I have endured sexual assault. In my case a gun would have been worthless. A gun wouldn't make me feel any safer. Women aren't the only ones that are sexually assaulted either. It actually really irks me when people single out women as the only victims of sexual assault. Men and boys are victimized too. For the average victim a gun would be pretty worthless since most sexual assault victims are abused by people they know/trust not random strangers.
I like knives. Sure they can be great self defense weapons if used correctly. But they have a purpose outside of self defense or hunting. I use the knife I keep in my purse on a daily basis.
Self defense in reference to strangers starts with knowing how to keep out of dangerous situations. An actual self defense course such as Krav Maga would be far more useful than a gun. Owning a gun (or knife) is useless if you don't know how to use it. And to really know how to use a gun you need to do more than target practice every few weeks/months. Most people can't target practice on a daily basis. Knowing how to shoot a gun in theory won't actually guarantee that you will do so in a dangerous situation. It is one thing to shoot at a target, another altogether to shoot another human being. There is a reason why the military has to work so hard to condition soldiers to shoot/attack. Unless you are semi sociopathic it isn't all that easy to kill someone. It isn't instinctual to kill someone unless you have trained hours and hours and broken down the instinct not to kill that is there inherently.
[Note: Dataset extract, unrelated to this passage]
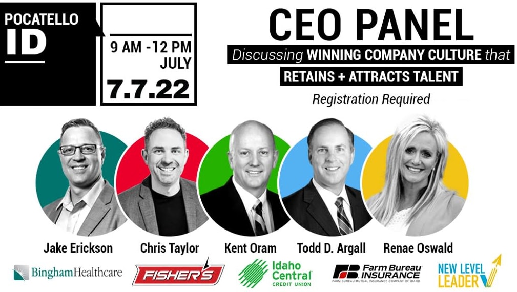 Panelists include Jake Erickson, CEO of Bingham Healthcare, Chris Taylor, CEO of Fisher’s Technology, Kent Oram, CEO of Idaho Central Credit Union, Todd D. Argall, CEO of Farm Bureau, and the moderator, Renae Oswald with New Level Leader. The reception will begin at 9 a.m. with pastries and coffee being served. The panel discussion is from 10 a.m. – 12 p.m. Registration is required due to limited seating.
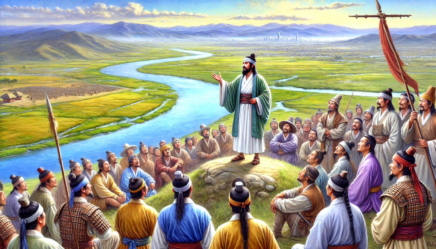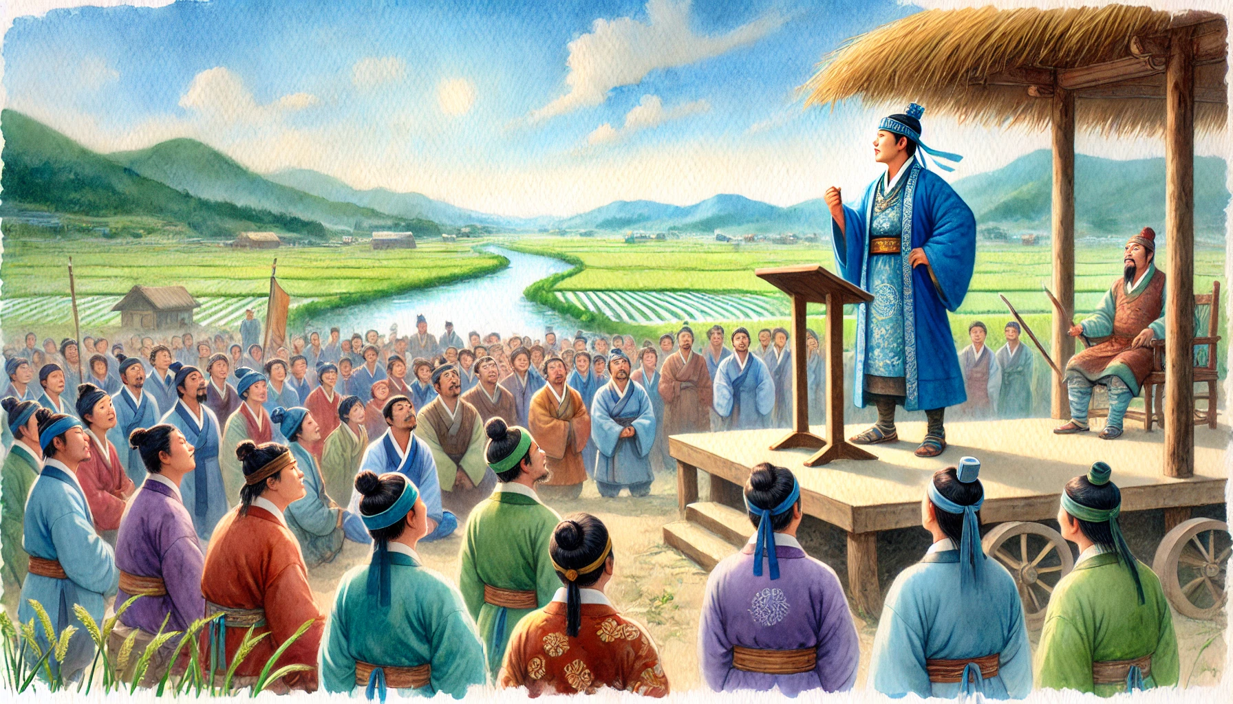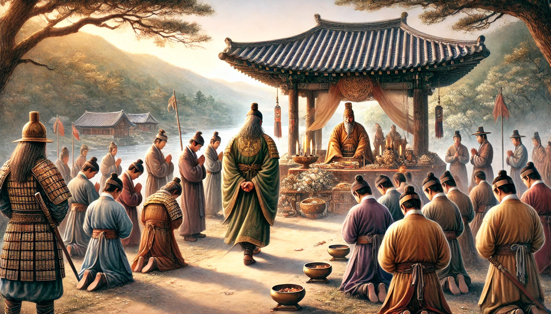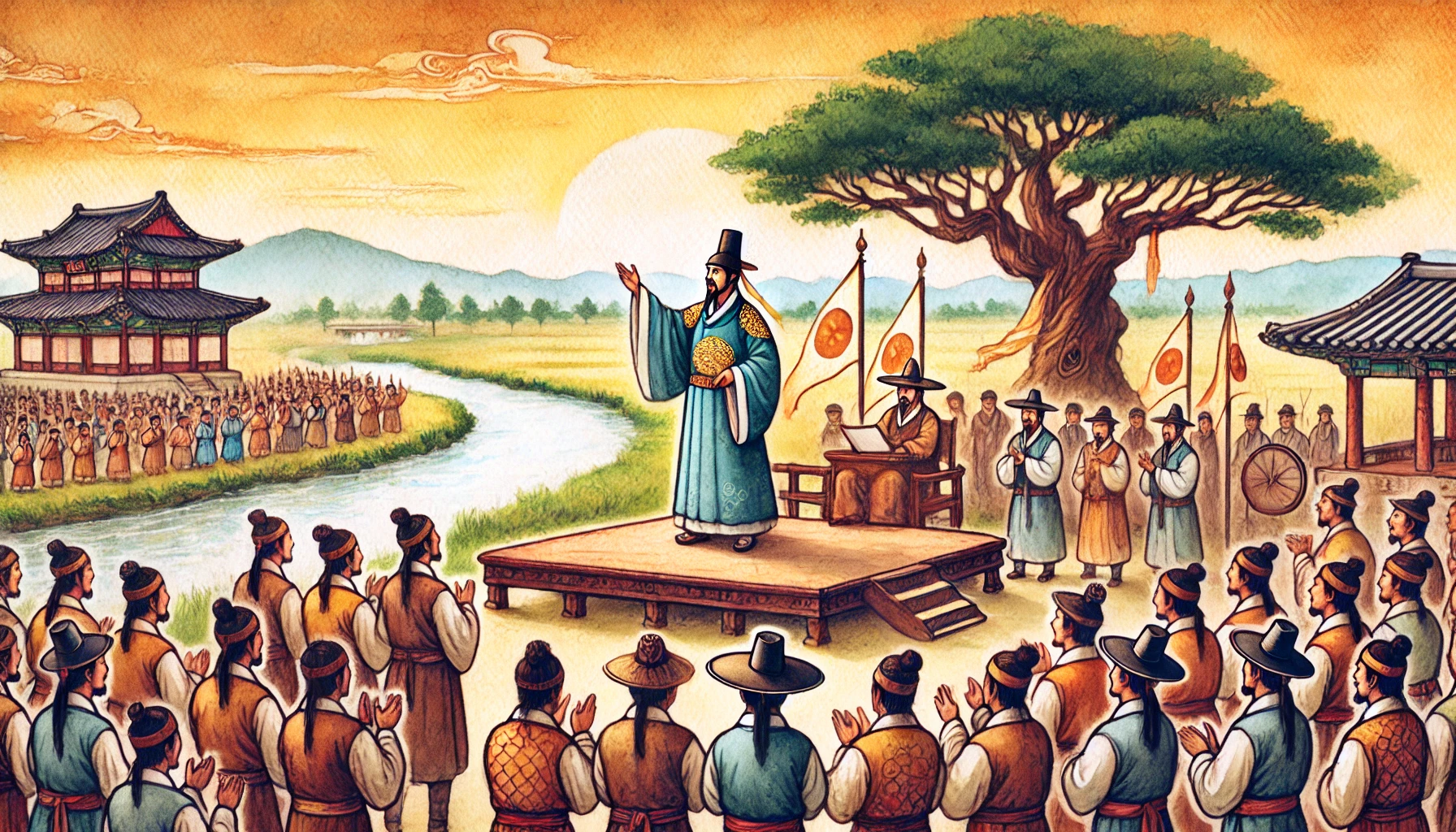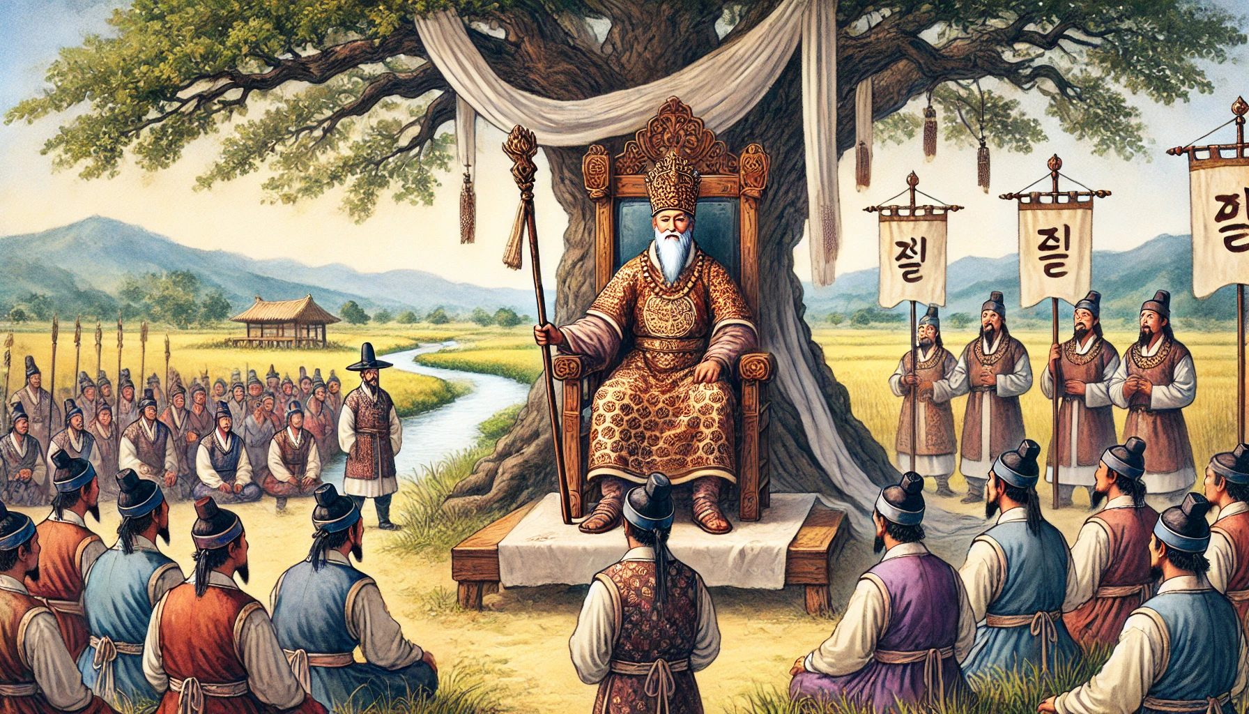 “우리를 이끄는 온조님은 이제 우리의 진정한 왕이십니다. 백성들을 위해 이 땅의 이름을 정하고 나라를 선포해주십시오.”

If you are going to shoot a person, you shoot to kill. Center mass and head shots only. It isn't like in the movies where you shoot them in the leg/arm in hopes of stopping them. This is why I am more comfortable with knives. I can incapacitate a person with a well placed knife cut, I don't have to go for the "kill shots" so to speak. There are defenses to the "defanging the snake" techniques that need to be practiced so they become instinctual. But that isn't the same as practicing to kill someone. Yes, I could kill someone with a knife by virtue of them bleeding out. But it is one thing to aim to incapacitate versus kill.
Even though I have endured plenty of things I would not wish on anyone else, I still wouldn't take the idea of ending someone else's life lightly in defending myself. Honestly I don't want to get to the point where it would be easy to kill someone even in self defense. I know for me personally if I were to cross that threshold it would change me on a fundamental level. I have enough violent/angry tendencies to deal with already.
Now- you try to harm my kids and your life is OVER.
I think there is some sort of overriding instinct there that is uncontrollable. So I really do pity the person on the otherside of my knives if they harm or attempt to harm my children.